From: David Hildenbrand <david@redhat.com>
To: linux-kernel@vger.kernel.org
Cc: linux-mm@kvack.org, James Houghton <jthoughton@google.com>,
stable@vger.kernel.org, Peter Xu <peterx@redhat.com>,
Oscar Salvador <osalvador@suse.de>,
Muchun Song <muchun.song@linux.dev>,
Baolin Wang <baolin.wang@linux.alibaba.com>
Subject: Re: [PATCH v3] mm/hugetlb: fix hugetlb vs. core-mm PT locking
Date: Thu, 1 Aug 2024 10:50:18 +0200 [thread overview]
Message-ID: <541f6c23-77ad-4d46-a8ed-fb18c9b635b3@redhat.com> (raw)

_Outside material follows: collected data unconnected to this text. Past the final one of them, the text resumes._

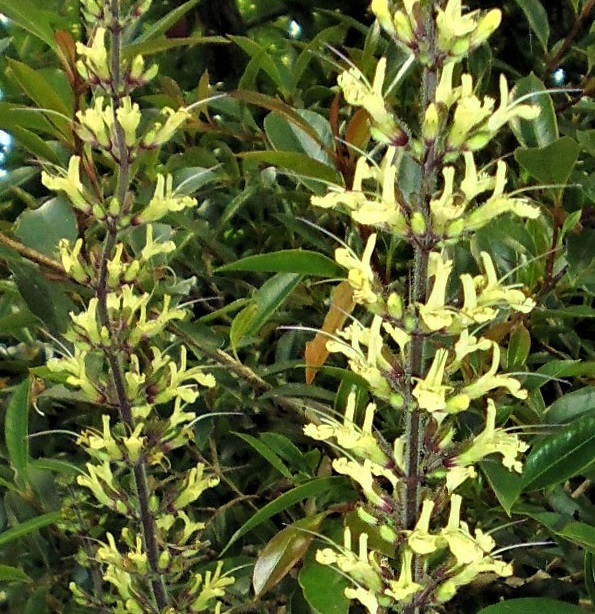 Flowers: are an open falcate type, pale to butter yellow in colour, with a straight hood and almost hairless. Most of the flowers are facing upwards with all the anthers and stigma in full access to bees and other insects.
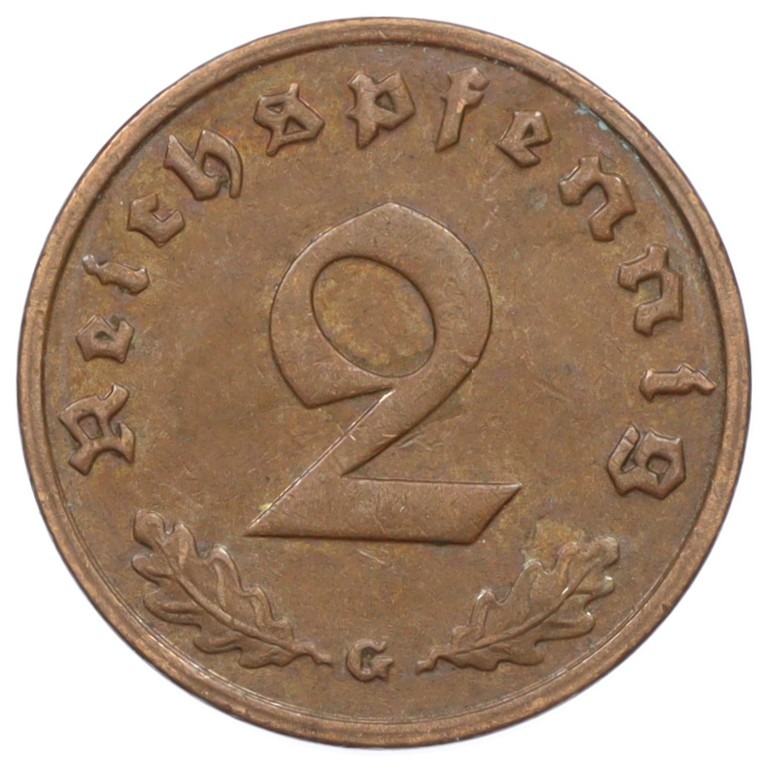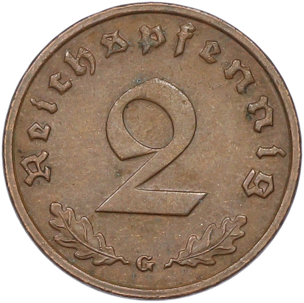 2 рейхспфеннига 1939 года G Германия
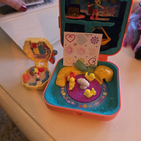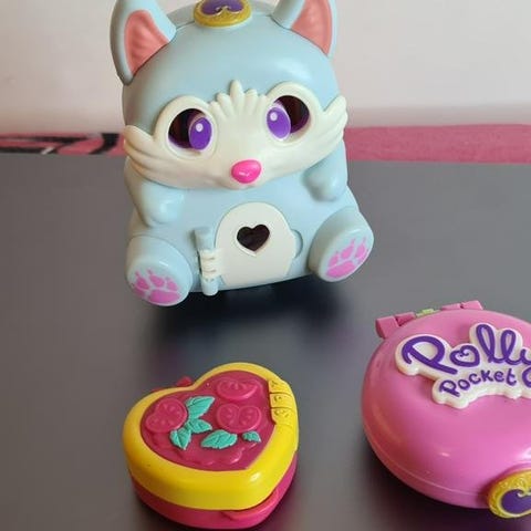 Polly Pocket barnleksak mini lekset formad som en ananas med flera små figurer och tillbehör. Leksetet kan öppnas för att visa en lekplats inuti med olika detaljer och färger.
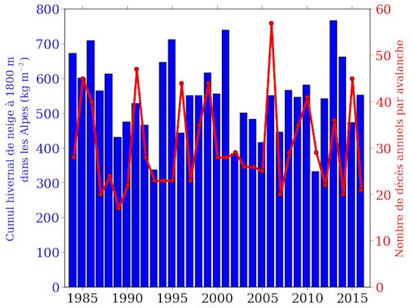 Alors même que l’imaginaire collectif associe généralement avalanches et abondance de neige, il n’y a en fait pas de relation statistique avérée entre les quantités de neige tombées en montagne pendant un hiver donné et le nombre de décès par avalanche.
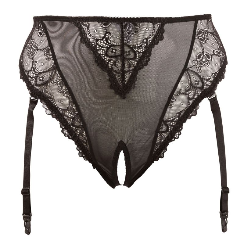 Straps-Slip ouvert aus Powernet mit floraler Spitze. Der taillenhohe Schnitt umschmeichelt Bauch und Taille. Strapse verstell- und abnehmbar. Ohne Strümpfe.

In-Reply-To: <20240731122103.382509-1-david@redhat.com>
On 31.07.24 14:21, David Hildenbrand wrote:
> We recently made GUP's common page table walking code to also walk hugetlb
> VMAs without most hugetlb special-casing, preparing for the future of
> having less hugetlb-specific page table walking code in the codebase.
> Turns out that we missed one page table locking detail: page table locking
> for hugetlb folios that are not mapped using a single PMD/PUD.
James, Peter,
the following seems to get the job done. Thoughts?

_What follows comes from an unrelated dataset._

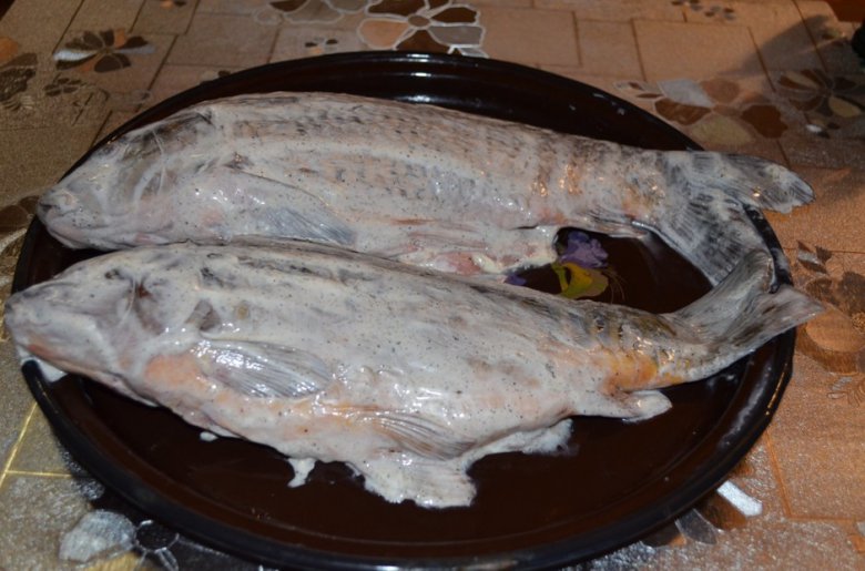 Натереть рыбу солью и перцем. Смазать майонезом со всех сторон и внутри.
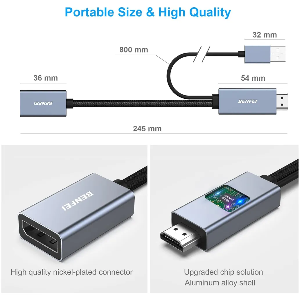 KOMPAKTNA OBLIKA: BENFEI DisplayPort na HDMI adapter poveže računalnik, prenosnik ali naprave z DisplayPort priključkom z monitorjem, projektorjem ali TV-jem s HDMI vhodom. Ta lahek pripomoček lahko pospravite v žep za predstavitve ali razširitev namizja na monitor ali TV.

diff --git a/include/linux/hugetlb.h b/include/linux/hugetlb.h
index 8e462205400d..776dc3914d9e 100644
--- a/include/linux/hugetlb.h
+++ b/include/linux/hugetlb.h
@@ -938,10 +938,40 @@ static inline bool htlb_allow_alloc_fallback(int reason)
static inline spinlock_t *huge_pte_lockptr(struct hstate *h,
struct mm_struct *mm, pte_t *pte)
{
- if (huge_page_size(h) == PMD_SIZE)
+ unsigned long size = huge_page_size(h);
+
+ VM_WARN_ON(size == PAGE_SIZE);
+
+ /*
+ * hugetlb must use the exact same PT locks as core-mm page table
+ * walkers would. When modifying a PTE table, hugetlb must take the
+ * PTE PT lock, when modifying a PMD table, hugetlb must take the PMD
+ * PT lock etc.
+ *
+ * The expectation is that any hugetlb folio smaller than a PMD is
+ * always mapped into a single PTE table and that any hugetlb folio
+ * smaller than a PUD (but at least as big as a PMD) is always mapped
+ * into a single PMD table.
+ *
+ * If that does not hold for an architecture, then that architecture
+ * must disable split PT locks such that all *_lockptr() functions
+ * will give us the same result: the per-MM PT lock.
+ *
+ * Note that with e.g., CONFIG_PGTABLE_LEVELS=2 where
+ * PGDIR_SIZE==P4D_SIZE==PUD_SIZE==PMD_SIZE, we'd use the MM PT lock
+ * directly with a PMD hugetlb size, whereby core-mm would call
+ * pmd_lockptr() instead. However, in such configurations split PMD
+ * locks are disabled -- split locks don't make sense on a single
+ * PGDIR page table -- and the end result is the same.
+ */
+ if (size >= P4D_SIZE)
+ return &mm->page_table_lock;
+ else if (size >= PUD_SIZE)
+ return pud_lockptr(mm, (pud_t *) pte);
+ else if (size >= PMD_SIZE || IS_ENABLED(CONFIG_HIGHPTE))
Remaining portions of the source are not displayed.